Actually, nobody looked as white-bread Trueborn as Weddle. Fortunately, the look blended with the Tressens with whom we would be mingling.
“Long, boring story. Weddle, there are two kinds of Yavi. The first kind are the general population. Short, docile, beat down by generations of
overcrowding.” I jerked my thumb at the Yavi lunch group. “The second kind of Yavi are those jokers. Military, and cops who act like military. The second kind make sure the first kind stay docile. They make decent soldiers, and excellent bullies.”
The bulk of Emerald River’s cargo consisted of farm implements, electronics, and the latest consumer goods from the Motherworld. Those items would be off-loaded at intermediate planetary waypoints. Once the cruiser reached her turnaround point, which for an embargoed world like Tressel was a geosynchronous parking orbit, she would off-load in orbit her remaining cargo. That consisted of a minimal volume of unembargoed humanitarian items, mostly medical supplies and the freely distributed Trueborn holy books called Gideon Bibles.
Emerald River would also off-load a personnel pod carrying the twenty liars who sat on the other side of the dining salon.
The cargo, human and otherwise, would be shuttled down aboard old-fashioned chemical-fueled space planes operated by neutrals under contract with the Union.

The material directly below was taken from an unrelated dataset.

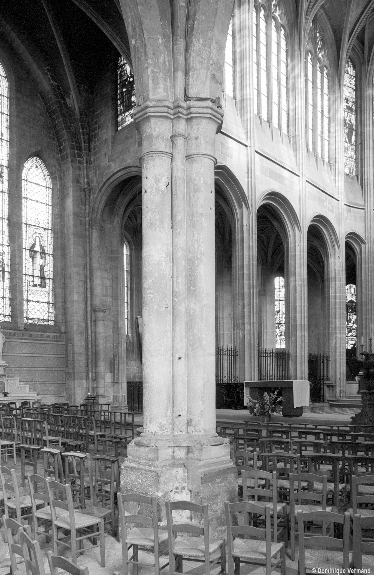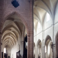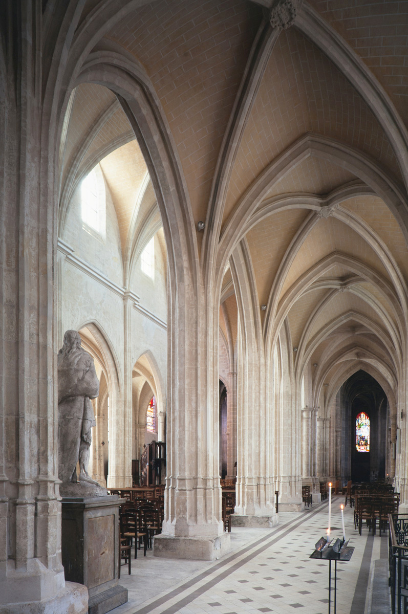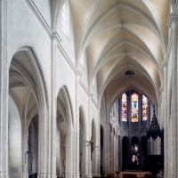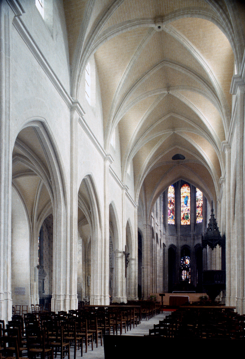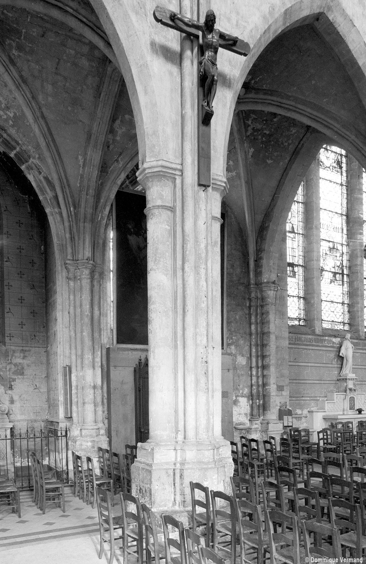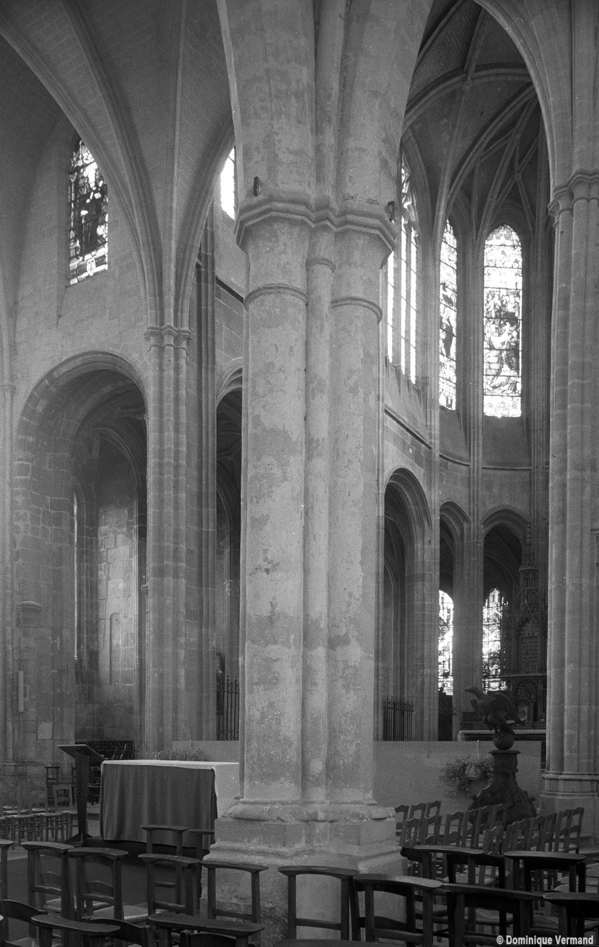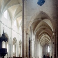Hormis les deux dernières travées qui, bien que dénaturées (quatre feuilles bouchés, chapiteaux grattés), sont clairement du 13ème siècle, le reste de la nef résulte d’une audacieuse reprise en sous-oeuvre effectuée au 16ème siècle. Si les arcades à profil prismatique et sans chapiteau accusent bien le gothique finissant, il n’en est toutefois pas de même des parties hautes, dont l’analyse extérieure montre nettement qu’elles appartiennent, bien que remaniées, à la construction primitive.

Once on Tressel, the twenty liars would not distribute holy books. They would do what Yavi covert military parties did on every outworld. Build Yavi influence, at the expense of Earth’s influence, by espionage and violence.
Not that Weddle and I were much better. We were supposed to be tourists. He wore a flower-print shirt and kept poking his own cheek with the umbrella garnish that stuck up out of his drink.
Neither we nor the Yavi were fooling the other. The charade had teetered at an uneasy balance point for decades.
Neither the Trueborns nor the Yavi wanted Cold War II to explode into Interstellar War II. The Yavi had the Human Union’s largest population and correspondingly largest gross planetary product. The Trueborns had the smug prestige of being the cradle of mankind. More importantly, the Trueborns controlled the starships that connected the worlds of the Union.